It has been two weeks since Reuters photojournalist Danish Siddiqui was killed while covering the war in Afghanistan, but the details leading up to his killing remain fuzzy. Neither the Afghan forces nor the Indian government has yet detailed the exact circumstances of the killing which shocked Indian and international media fraternities.

Independent journalist Ruchi Kumar, based in Kabul, was able to piece together some information for Newslaundry about how the Taliban had initially refused to hand over Siddiqui’s body. Kumar spoke with Ahmad Lodin, an Afghan journalist and head of Afghan Orband Weekly, who said the Taliban had killed Siddiqui and kept his body. When the body was finally returned after much negotiation, Lodin said they found that it had been “disrespected” and “mutilated”.

Today, an opinion piece in the conservative US magazine Washington Examiner by Michael Rubin, a resident at the American Enterprise Institute, a conservative think tank, alleged that Siddiqui “was not simply killed in a crossfire, nor was he simply collateral damage; rather, he was brutally murdered by the Taliban”.

Rubin’s sources are unnamed: “local Afghan authorities”, “local investigation”, “a source in the Indian government”. His piece was picked up by several leading Indian news outlets such as the Indian Express, Hindustan Times, India Today, and NDTV.

Though the Examiner marked Rubin’s piece as “Opinion”, the Indian news outlets that picked it up referred to it as a “report”.

In his piece, Rubin claims that Siddiqui was travelling embedded with an Afghan National Army contingent when he was hit by shrapnel.
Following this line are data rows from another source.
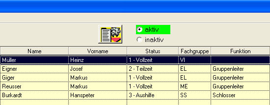 Status | Geben Sie an, welchen Status der Mitarbeiter hat. Die möglichen Stati sind Vollzeit, Teilzeit, Aushilfe, Beurlaubt oder Ausgetreten. Mit der Vergabe des Status hier nehmen Sie automatisch auch eine Zuordnung zu den Zuständen "aktiv" oder "inaktiv" vor: Die Stati "1 - Vollzeit", "2 - Teilzeit" und "3 - Aushilfe" sind "aktive" Stati, die anderen beiden gehören zur Kategorie "inaktiv". (Siehe auch Inaktive anzeigen). |
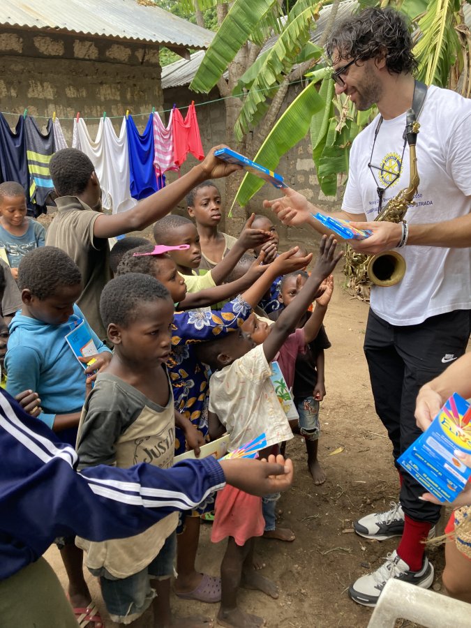 Ha emozionato la storia, raccolta durante la recente esperienza, di una mamma vedova che durante una delle passate edizioni aveva ricevuto un abitino da bambina, di quelli veramente belli Made in Italy, acquistato probabilmente per una cerimonia importante. Questa mamma dal dono ricevuto ne ha tratto una buona opportunità riuscendo negli ultimi anni a raccogliere qualche soldo per acquistare la farina necessaria a preparare la polenta (“ugali” si chiama in swahili) noleggiando il vestitino ad altre famiglie in occasione di cerimonie importanti e oggi entrando nella piccola stanza/casa l’abitino è esposto su un omino come bene prezioso e quasi ornamento dell’abitazione. All’edizione 2024-2025 del progetto ha partecipato anche un ospite importante, il musicista di fama internazionale Jacopo Taddei che ha portato il suo saxofono, per la verità uno strumento sconosciuto ai più, tra le baracche di Kibokoni. Con le quinte fatte dai panni stesi si è creato un imprevisto e improbabile palcoscenico all’aperto dove soprattutto i bambini hanno trovato particolarmente divertente cantare accompagnati dalle note del sax.
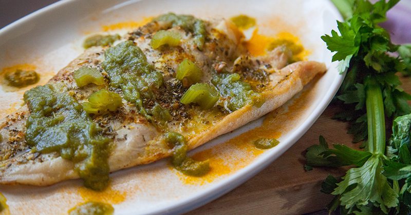 Gustoso filetto di pesce da servire con una divertente salsina di sedano, scalogno e ghi.
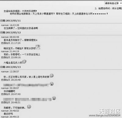 5月13日的聊天記錄中,“把酒臨風(fēng)”對“nannan”說,“我們互相關(guān)心著,溫暖著,彼此增長著正能量,感覺身子也是連在一起的”。9月1日的聊天記錄顯示,“把酒臨風(fēng)”稱自己要在黨校學(xué)習(xí)一段時間,11月初結(jié)束。同時,“把酒臨風(fēng)”還表示過教室屏蔽信號,無法及時與對方聯(lián)系。
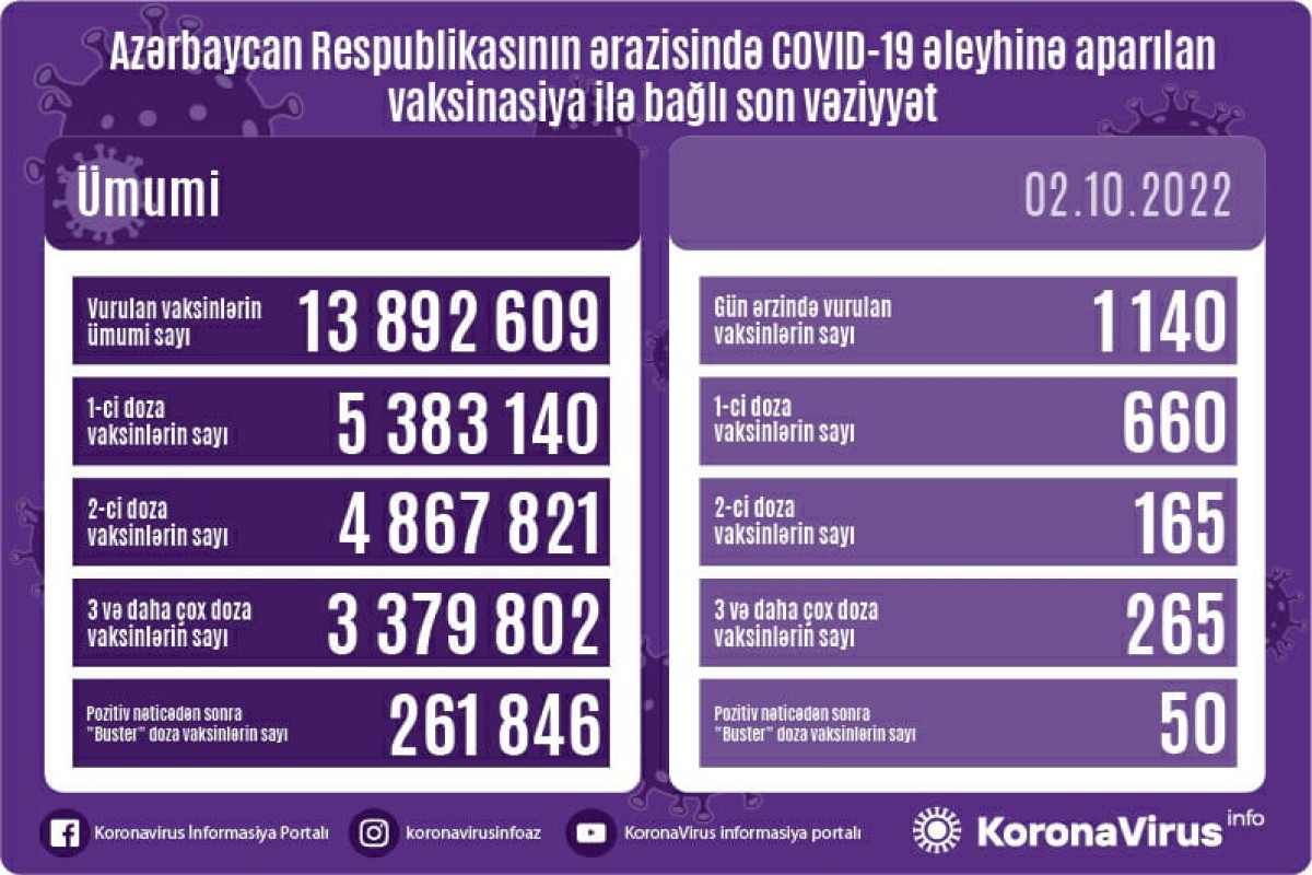 Azərbaycanda son sutkada koronavirus (COVID-19) əleyhinə 1 140 vaksin vurulub. Bir gündə birinci mərhələ üzrə vaksinasiya olunanların sayı 660, ikinci mərhələ üzrə vaksinasiya olunanların sayı 165, 3-cü və daha çox doza üzrə vaksinasiya olunanların sayı 265, pozitiv nəticədən sonra buster doza olunanların sayı isə 50 nəfərdir.

He, along with the soldiers, “went to a local mosque where he received first aid”.

“As word spread, however, that a journalist was in the mosque, the Taliban attacked. The local investigation suggests the Taliban attacked the mosque only because of Siddiqui’s presence there. Siddiqui was alive when the Taliban captured him,” Rubin writes. “The Taliban verified Siddiqui’s identity and then executed him, as well as those with him."

He further claims to have “reviewed other photographs and a video of Siddiqui’s body provided to me by a source in the Indian government that show the Taliban beat Siddiqui around the head and then riddled his body with bullets”.

It’s worth pointing out that Rubin was named in a 2014 investigative piece as being one of the “friendly reporters” successfully targeted by a US-Israel coalition “to plant anti-Qatar stories”.

Meanwhile, prime minister Narendra Modi has not yet said a word of condolence on Siddiqui’s killing. Neither has India’s external affairs minister issued a statement seeking justice and accountability from the international community and UN bodies which are currently engaged with the Taliban.